The Lok Sabha on Wednesday passed the Finance Bill 2026, along with 32 government amendments, completing its role in approving the Union Budget 2026–27. The Rajya Sabha will now take up the Bill, and once it is approved, the Budget process for the upcoming fiscal year will be formally concluded.
The Union Budget 2026–27 proposes a total expenditure of Rs 53.47 trillion, marking a 7.7 per cent increase over the current financial year ending March 31. The government has earmarked Rs 12.2 trillion towards capital expenditure, continuing its focus on infrastructure and growth-led spending. Gross tax revenue is estimated at Rs 44.04 trillion, while gross borrowing is projected at Rs 17.2 trillion. The fiscal deficit for FY27 is targeted at 4.3 per cent of GDP, slightly lower than 4.4 per cent in the ongoing fiscal.
Among the key amendments, the government has proposed giving wider powers to tax authorities to reopen past assessments beyond existing time limits, particularly in cases where courts or appellate tribunals issue relevant findings. This effectively means that even closed tax cases could be brought back under scrutiny if linked to judicial orders.
The Bill also seeks to plug loopholes in reassessment procedures by tightening timelines and reducing ambiguity around reopening cases. In addition, it introduces defined timelines for issuing tax notices, giving taxpayers a minimum of 30 days and up to three months to respond. This is expected to bring greater predictability and structure to tax proceedings.

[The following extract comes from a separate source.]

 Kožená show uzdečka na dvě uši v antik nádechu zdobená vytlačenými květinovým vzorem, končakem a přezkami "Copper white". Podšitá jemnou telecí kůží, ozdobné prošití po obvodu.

Another significant provision offers protection to tax officials, ensuring that their decisions cannot be challenged on purely technical grounds. This move is aimed at strengthening the government’s position in litigation and reducing procedural disputes.

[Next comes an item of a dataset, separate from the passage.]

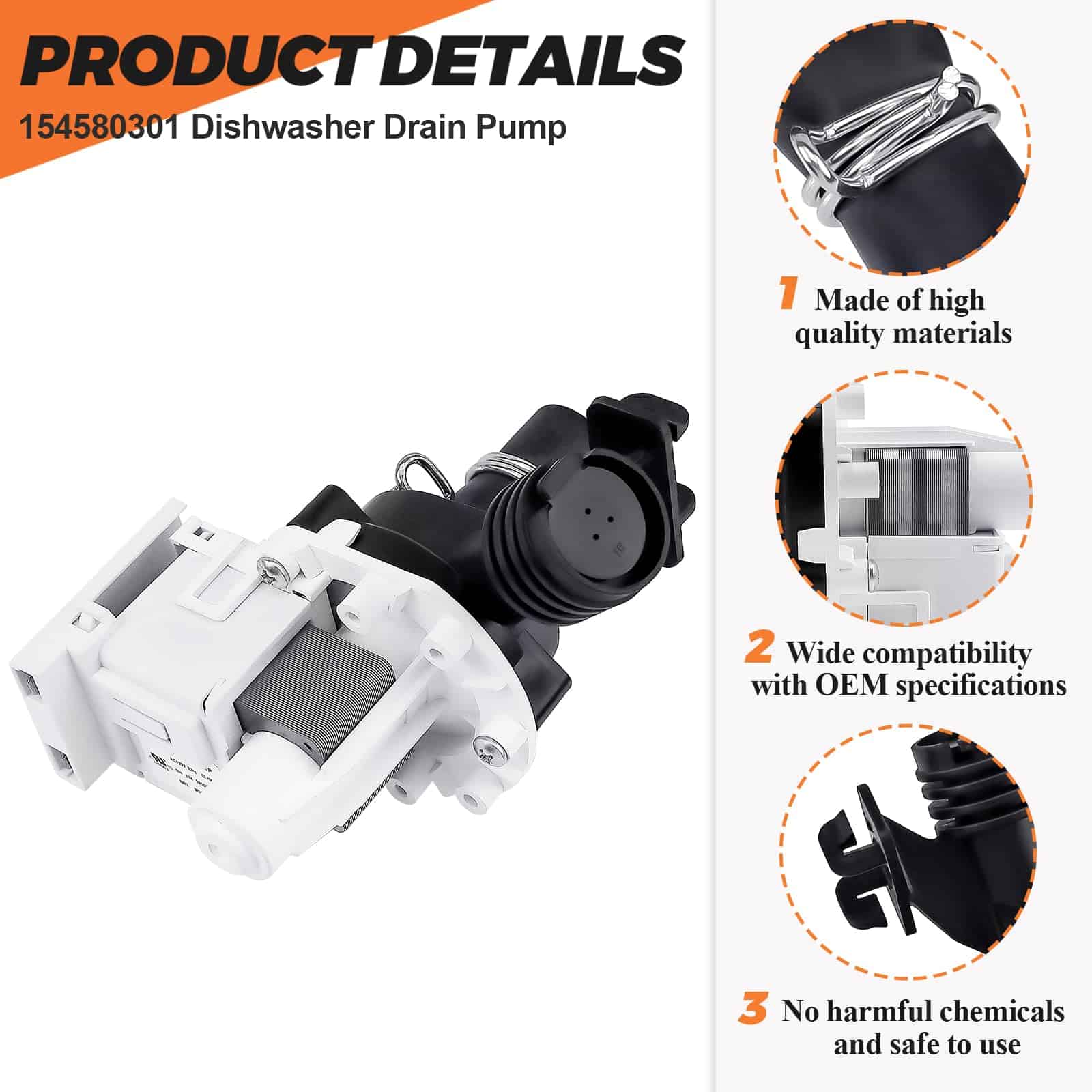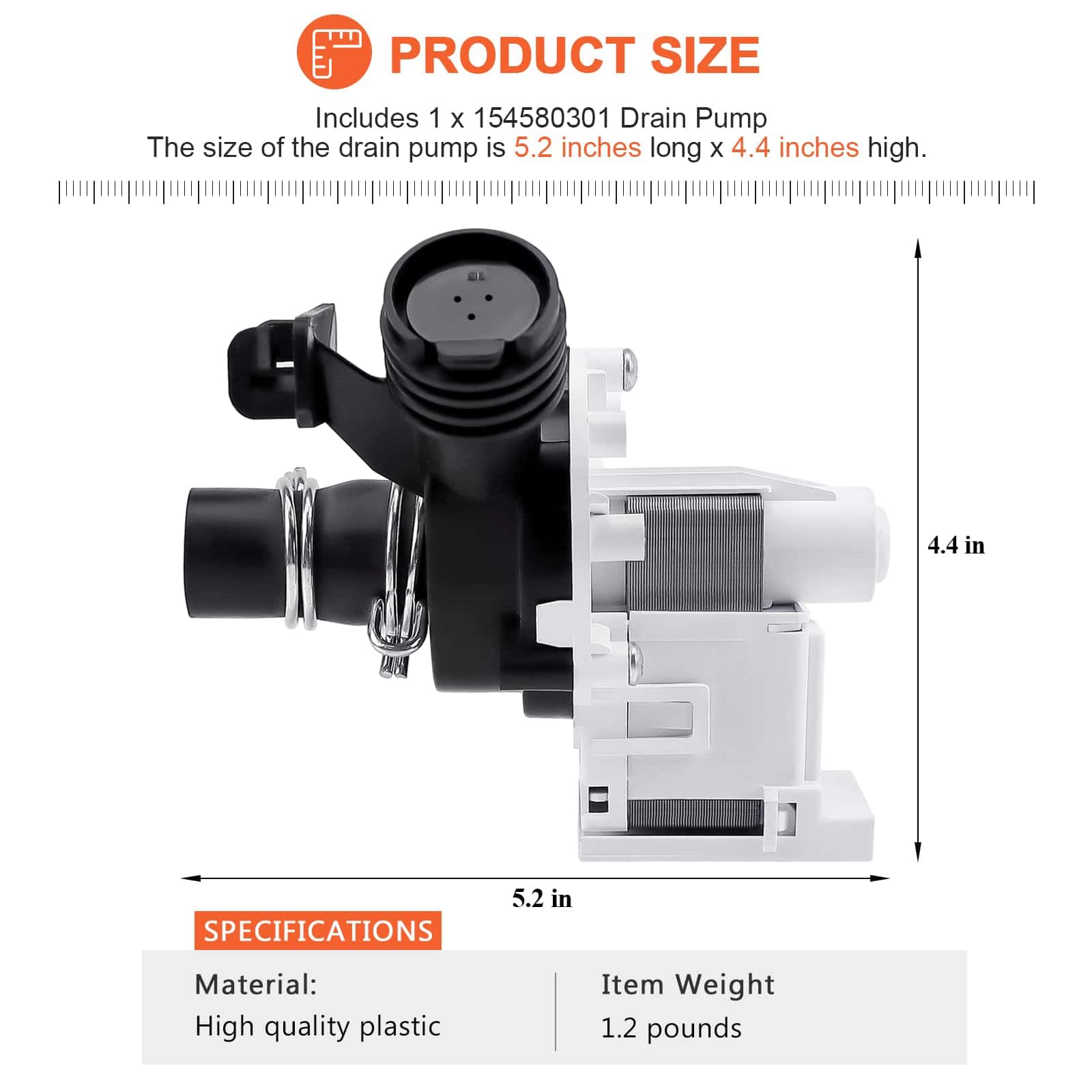 Nombre del producto: Motor de bomba de desagüe 154580301. El motor de bomba de desagüe 154580301 está hecho de material duradero y de alta calidad, probado por el fabricante, elimina el agua de la tina del lavavajillas durante la fase de drenaje del ciclo del lavavajillas. Paquete incluye: Motor de bomba de desagüe 154580301 Fácil de instalar: Desconecte el lavavajillas y cierre el suministro de agua antes de instalar esta pieza. Use guantes de trabajo para proteger sus manos. Marca compatible: Motor de bomba de desagüe 154580301 de repuesto para modelos de lavadoras y lavavajillas Kenmore. Pieza de repuesto: Kenmore FDB1200RGB0, FDB1200RGB1, FDB1200RGB2, FDB1200RGC0, FDB1200RGC1, FDB1200RGC2, FDB1200RGQ0 y más. Soluciona síntomas comunes: Soluciona el problema de las filtraciones. TENGA EN CUENTA: El nombre de la marca o la designación del modelo de este producto se hace únicamente con fines de demostrar compatibilidad. Gracias.

The amendments also provide a boost to Special Economic Zones (SEZs) and International Financial Services Centres (IFSCs), with tax deductions for eligible units extended to 20 years under Section 80LA. Additionally, the Bill proposes capital gains tax relief for beneficiaries under the land pooling scheme in Andhra Pradesh.
For taxpayers, the changes are likely to bring more clarity in terms of timelines for notices but may also increase the risk of scrutiny, especially with the possibility of reopening older cases. For businesses, the extended SEZ benefits offer greater certainty for long-term planning, although stricter enforcement norms could limit the scope for challenging tax actions and tilt disputes in favour of the government.